分布式强力批量批量背景强盗 (Distributional Robust Batch Contextual Bandits) - 专知论文

会员服务 ·

0

稳健性 · 赌博机/老虎机 · 上下文赌博机/上下文老虎机 · 学成 · 回合 ·

2021 年 8 月 2 日

Distributional Robust Batch Contextual Bandits

翻译：分布式强力批量批量背景强盗

Nian Si,Fan Zhang,Zhengyuan Zhou,Jose Blanchet

from arxiv, The short version has been accepted in ICML 2020

Policy learning using historical observational data is an important problem that has found widespread applications.
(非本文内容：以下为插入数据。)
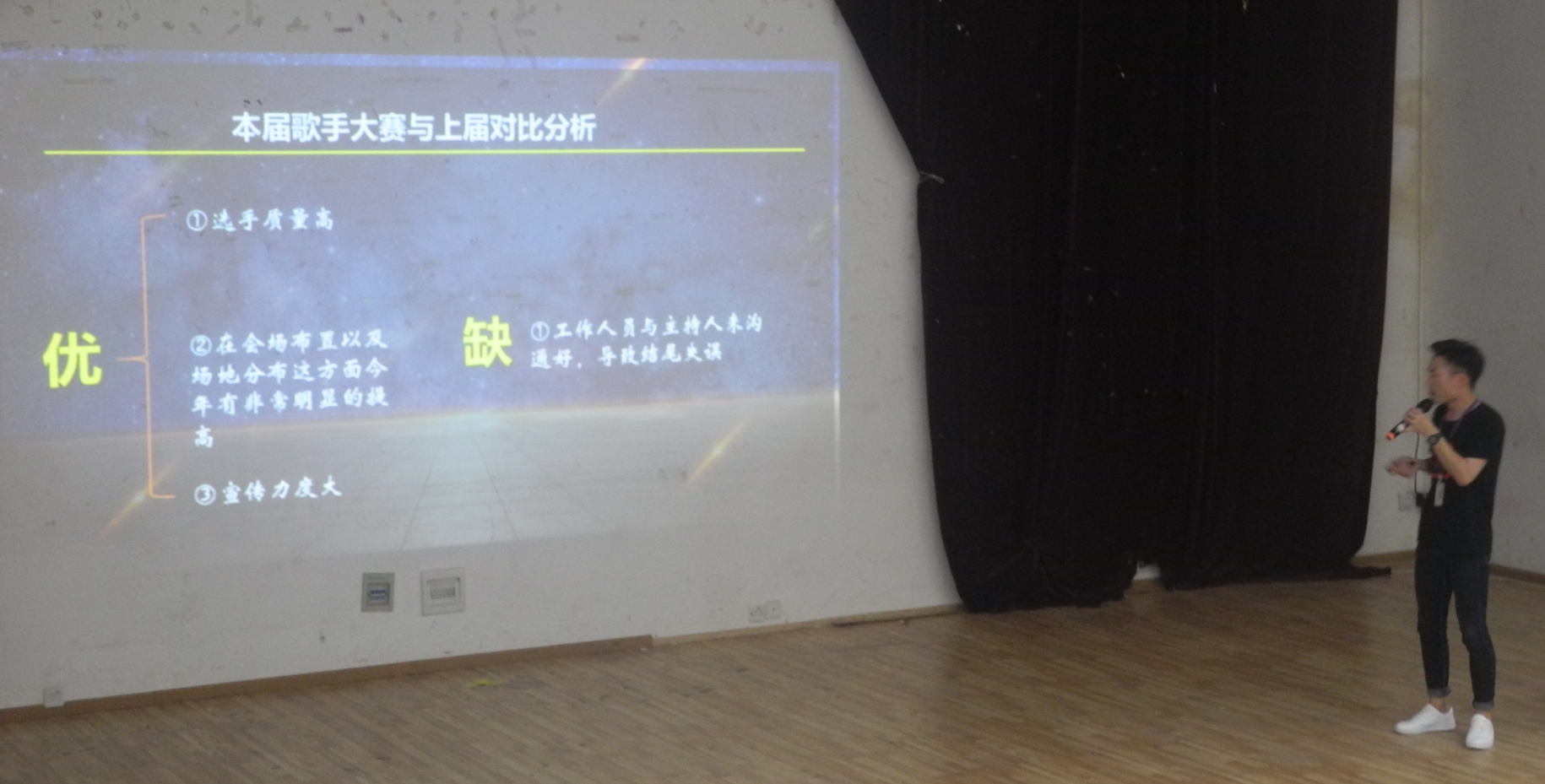 述职会上,校学生会、校社团联合会、校青年志愿者协会等9个校级学生组织的负责人,分别以PPT形式对过去一学年的工作进行了全面的总结,展现了我校青年积极分子自我教育、自我管理、自我服务、自我提升等方面取得的成绩。同学们还对学生组织未来的发展提出了规划。结合一年来的工作实际情况和述职报告情况,校团委决定授予校学生会和校学生管理委员会学年度工作“优秀组织奖”。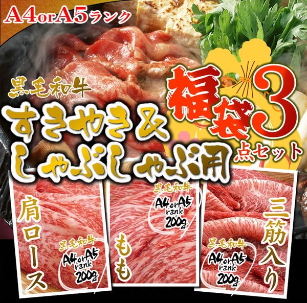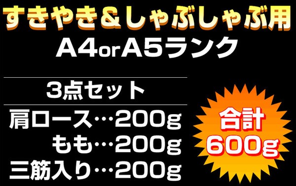 【商品名】A4・A5等級のみ黒毛和牛 すき焼き用3点セット600g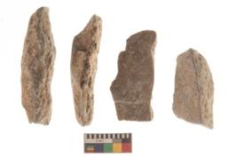 | Description / विवरण | There are n 4 utilized flakes. There are multi directional irregular scar pattern on both dorsal and ventral face of the flakes. Two are tapering at one end and two have blunted edges. |
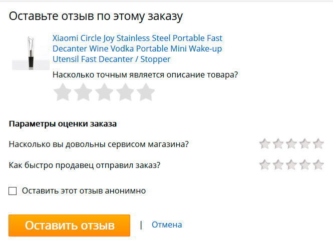 На Aliexpress стараются стимулировать покупателей оставить отзыв о товаре и продавце. Не ленитесь потратить несколько секунд и оценить заказ по трем параметрам - этим вы поможете другим покупателям. Ну и также после какого-то опыта использования данного товара поделитесь своим впечатлением о самом товаре.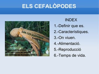 ELS CEFALÒPODES INDEX1.-Definir que es. 2.-Característiques. 3.-On viuen. 4.-Alimentació. 5.-Reproducció 6.-Temps de vida.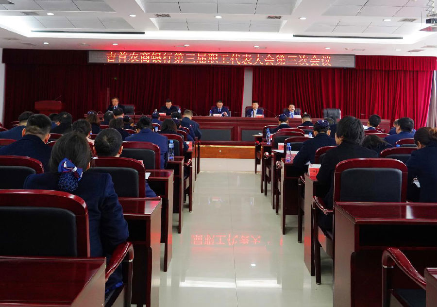4月9日下午,吉首农商银行第三届职工代表大会第三次会议暨工会第一届会员代表大会第二次会议(以下简称“双代会”)在总行14楼会议室召开,该行党委副书记、行长邱明,纪委书记、监事长傅贤良,党委委员、副行长谷燕兵、吴承志,48名“双代会”代表出席会议。工会主席谷燕兵主持会议并讲话,作《凝心聚力 务实笃行 努力团结全体职工推进吉首农商银行高质量发展》的报告;工会经费审查委员会主任吕亮作工会经费审查工作报告;会议审议关于吉首农商银行2021年度工资分配办法的议案;党委副书记、行长邱明做总结讲话。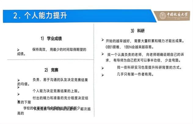 今天听刘铭权学长讲创新 A 类推免才知道,原来搞科研、参加竞赛突出也能争取保研!我本身就对各种竞赛很感兴趣,本来怕这是“不务正业”,但现在心里踏实多了,有了明确的方向!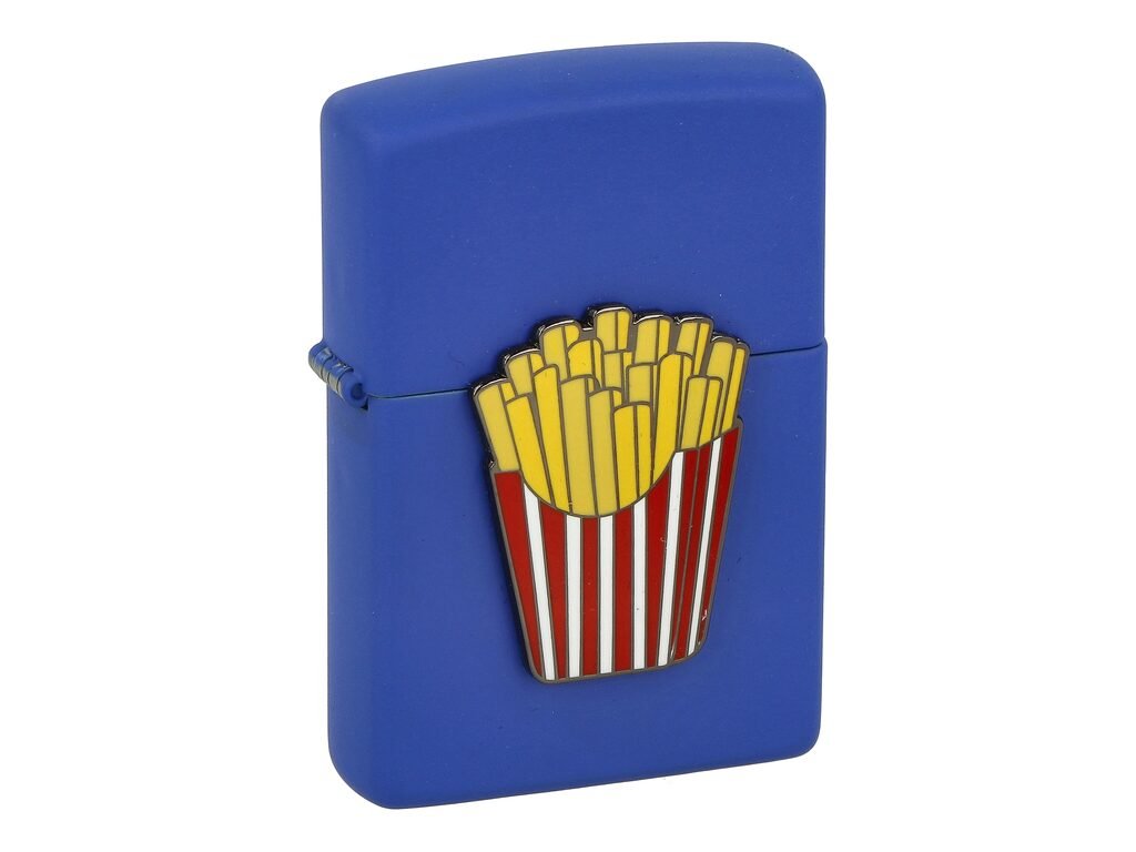Benzínový zapalovač Zippo Foodie Fries. Originální zapalovač Zippo s modrým matným povrchem je na čelní straně zdobený 3D plaketou s hranolky. Celokovové zpracování a větruodolnost zajistí spolehlivost za všech okolností. Zapalovač dodáváme v originální krabičce. Zapalovače Zippo nejsou při dodání naplněné benzínem. Originální příslušenství benzín Zippo, kamínky, knoty a vata do zapalovače Zippo, zajistí správné fungování benzínové zapalovače. Na mechanické závady zapalovače poskytuje Zippo doživotní záruku. Tuto záruku můžete uplatnit přímo u nás. Zapalovače jsou vyrobené v USA, Original Zippo® Bradford.Distributor: Fortis-DB, spol. s r.o.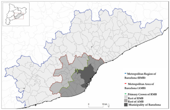 - Territori-Àrea Metropolitana de Barcelona. Available online: https://www.amb.cat/s/web/territori/territori.html (accessed on 21 May 2021).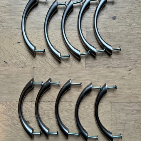 ENERYDA håndtak til skapdører og skuffer selges til 40,- per stykk.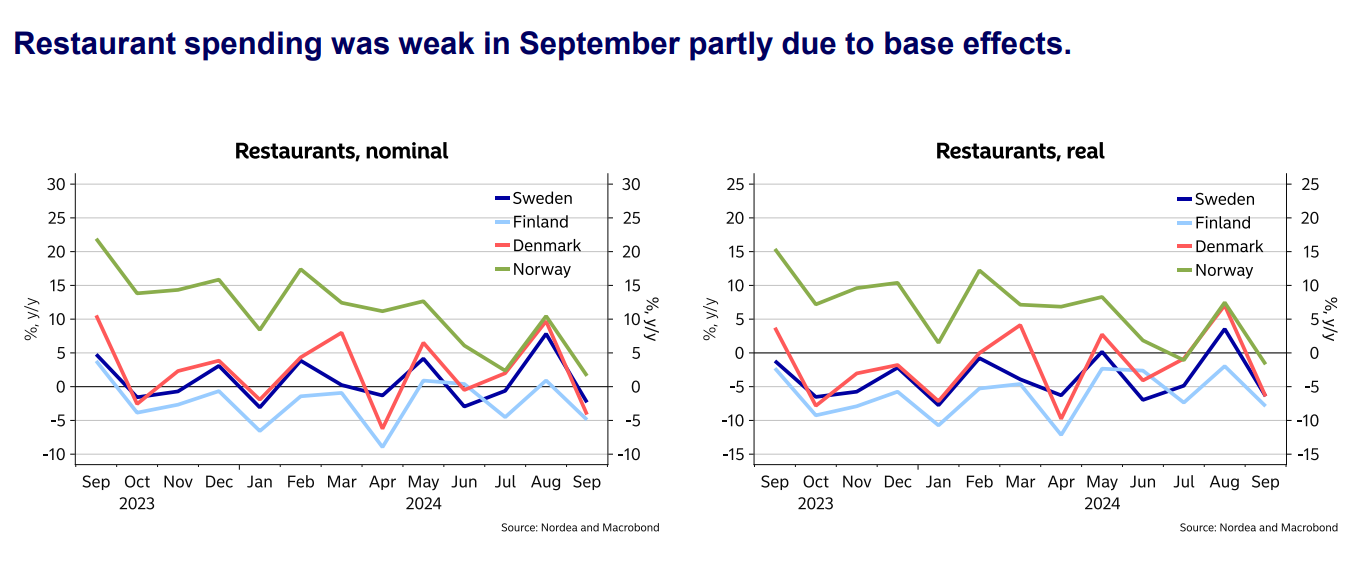 Nordea card data from September. Consumers apparently still can’t decide whether to increase or decrease restaurant visits, given how varied the development has been. In the big picture, we are still in negative territory.

Examples include selecting offers, prices, advertisements to send to customers, as well as selecting which medication to prescribe to a patient. However, existing literature rests on the crucial assumption that the future environment where the learned policy will be deployed is the same as the past environment that has generated the data--an assumption that is often false or too coarse an approximation. In this paper, we lift this assumption and aim to learn a distributional robust policy with incomplete (bandit) observational data. We propose a novel learning algorithm that is able to learn a robust policy to adversarial perturbations and unknown covariate shifts. We first present a policy evaluation procedure in the ambiguous environment and then give a performance guarantee based on the theory of uniform convergence. Additionally, we also give a heuristic algorithm to solve the distributional robust policy learning problems efficiently. Finally, we demonstrate the robustness of our methods in the synthetic and real-world datasets.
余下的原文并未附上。